== Task ==
The records below must be repeated exactly, but without their pictures.

== Entries provided ==
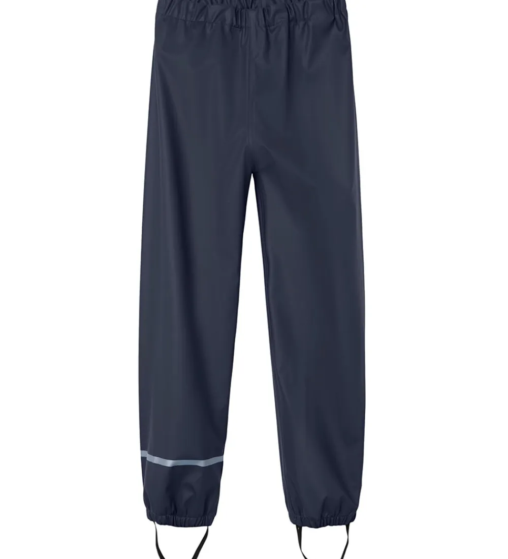 Name It regnbukserne har en indvendigt justerbar elastikkant i livet. Buksebenene har en elastikkant i bunden samt justerbare og aftagelige elastikstropper, som kan sættes under fodtøjet. Rundt om højre ærme og bukseben er der en refleks-stribe.
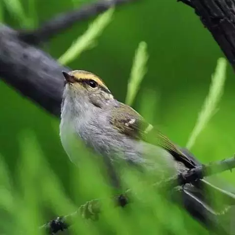 极北柳莺:体长11-13厘米,体小偏灰橄榄色,具明显的黄白色长眉纹,眼先及过眼纹近黑。上体概呈灰橄…
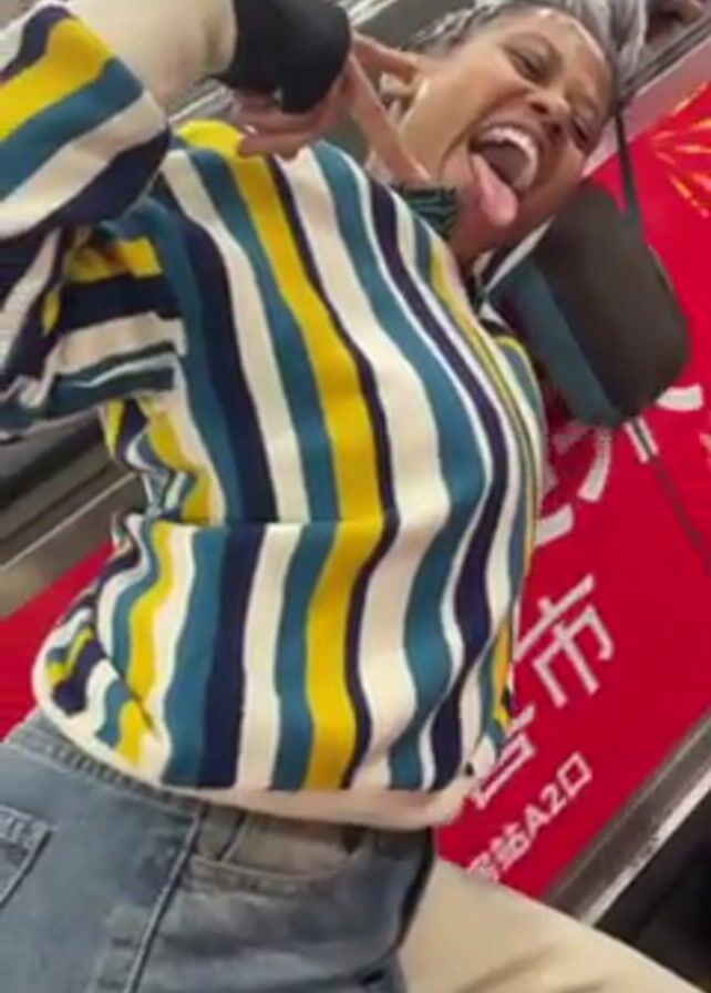 A person with their hair styled in a bun or wrapped stands on an escalator and poses for a video. They wear a striped sweater with blue, yellow, and white stripes, blue jeans, and tan pants. The person sticks their tongue out, makes a peace sign with their fingers, and smiles. The escalator moves upwards, and behind the person is a red sign with Chinese writing. Other people can be seen in the background.
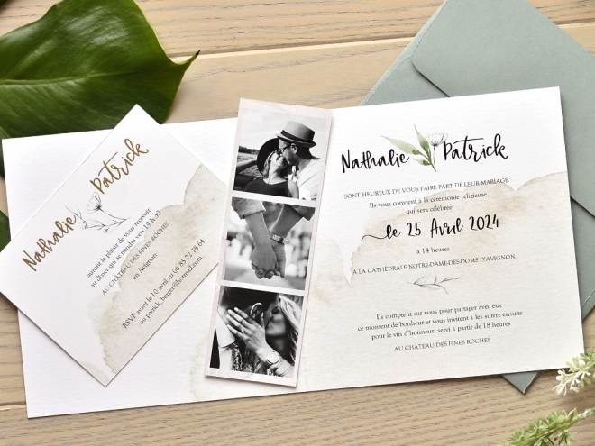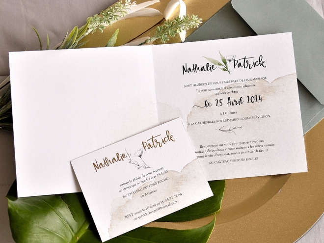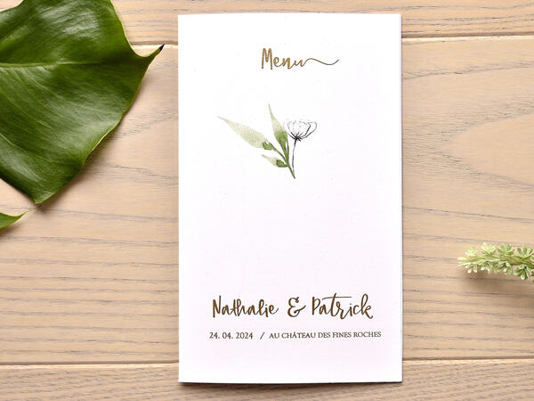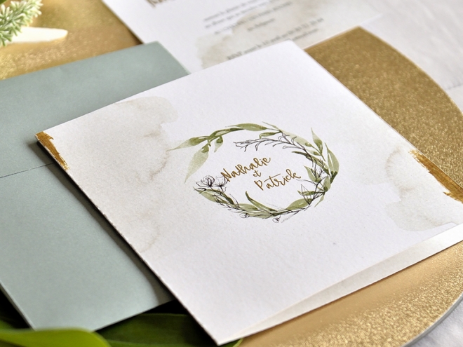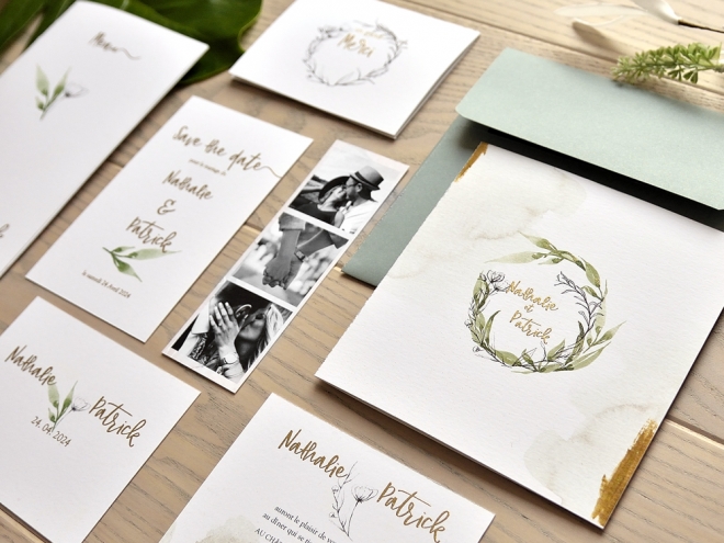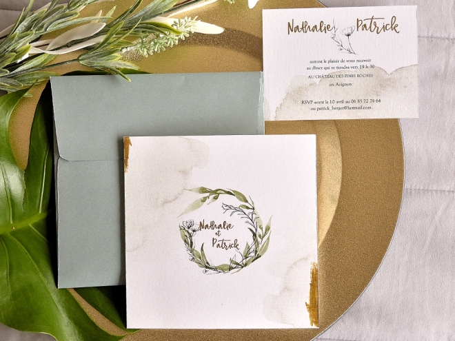 Quoi de mieux que de donner une touche d'espoir à vos faire-parts, pour annocer le plus beau jour de votre vie à votre famille et à vos amis. Les faire-parts avec des feuilles couleur verte subjuguerons vos proches et satisferons tous les amoureux de la nature.
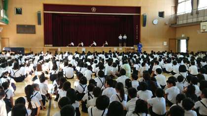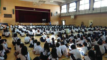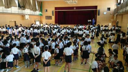 誕生日順や 背の順などのお題で、班の友だちどうしが言葉で伝えあって並び変えるゲームです。自然と楽しみながらいろんな人とのコミュケーションが増えていました。
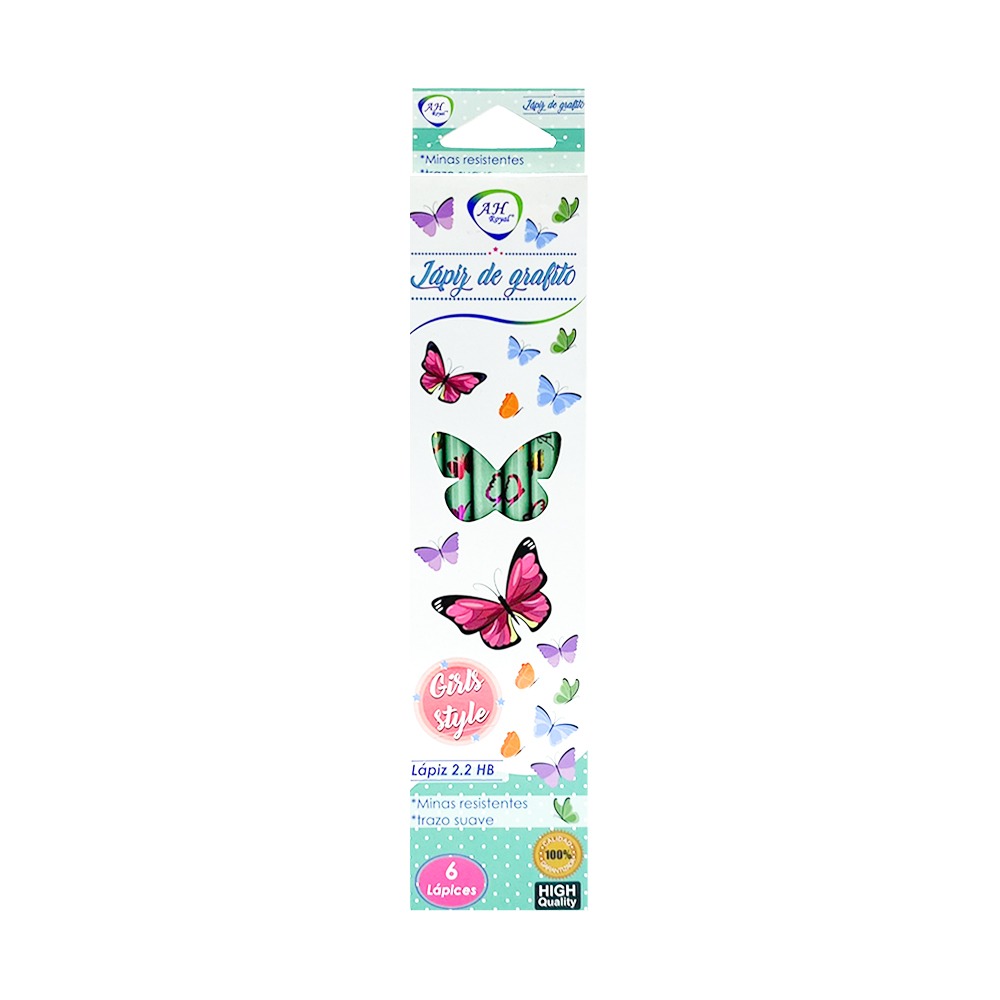 Explora el encanto y la elegancia con los lápices de la marca Ah Royal, diseñados exclusivamente para mujeres y niñas que aprecian un toque de estilo único en sus herramientas de escritura. Estos lápices de grafito con mina HB no solo ofrecen un rendimiento excepcional, sino que también presentan un diseño distintivo que incorpora adorables mariposas, añadiendo un toque de gracia y femineidad a cada trazo.
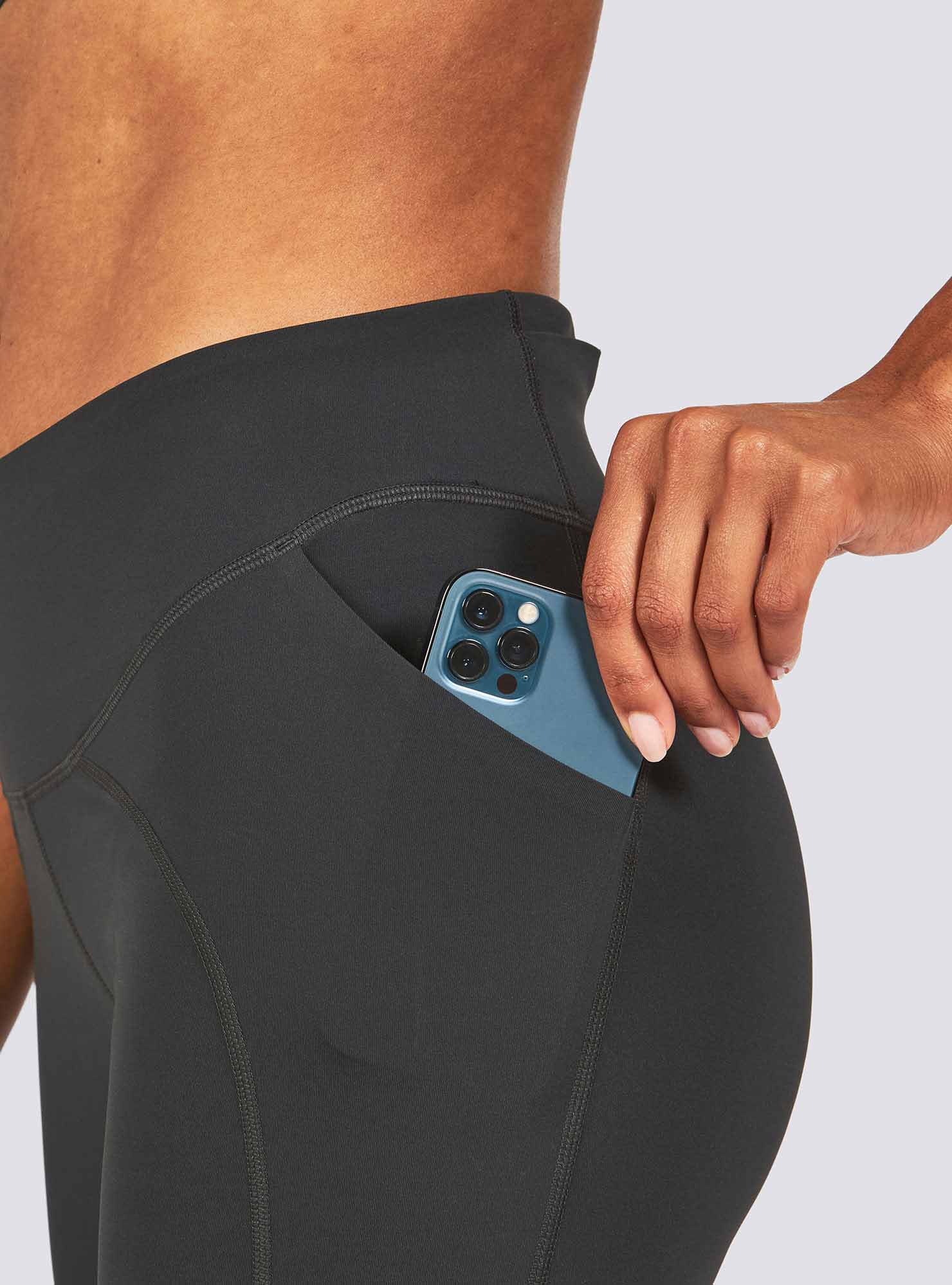 An internal waistband pocket can stash card/cash or key

== Your solution ==
 Name It regnbukserne har en indvendigt justerbar elastikkant i livet. Buksebenene har en elastikkant i bunden samt justerbare og aftagelige elastikstropper, som kan sættes under fodtøjet. Rundt om højre ærme og bukseben er der en refleks-stribe.
 极北柳莺:体长11-13厘米,体小偏灰橄榄色,具明显的黄白色长眉纹,眼先及过眼纹近黑。上体概呈灰橄…
 A person with their hair styled in a bun or wrapped stands on an escalator and poses for a video. They wear a striped sweater with blue, yellow, and white stripes, blue jeans, and tan pants. The person sticks their tongue out, makes a peace sign with their fingers, and smiles. The escalator moves upwards, and behind the person is a red sign with Chinese writing. Other people can be seen in the background.
 Quoi de mieux que de donner une touche d'espoir à vos faire-parts, pour annocer le plus beau jour de votre vie à votre famille et à vos amis. Les faire-parts avec des feuilles couleur verte subjuguerons vos proches et satisferons tous les amoureux de la nature.
 誕生日順や 背の順などのお題で、班の友だちどうしが言葉で伝えあって並び変えるゲームです。自然と楽しみながらいろんな人とのコミュケーションが増えていました。
 Explora el encanto y la elegancia con los lápices de la marca Ah Royal, diseñados exclusivamente para mujeres y niñas que aprecian un toque de estilo único en sus herramientas de escritura. Estos lápices de grafito con mina HB no solo ofrecen un rendimiento excepcional, sino que también presentan un diseño distintivo que incorpora adorables mariposas, añadiendo un toque de gracia y femineidad a cada trazo.
 An internal waistband pocket can stash card/cash or key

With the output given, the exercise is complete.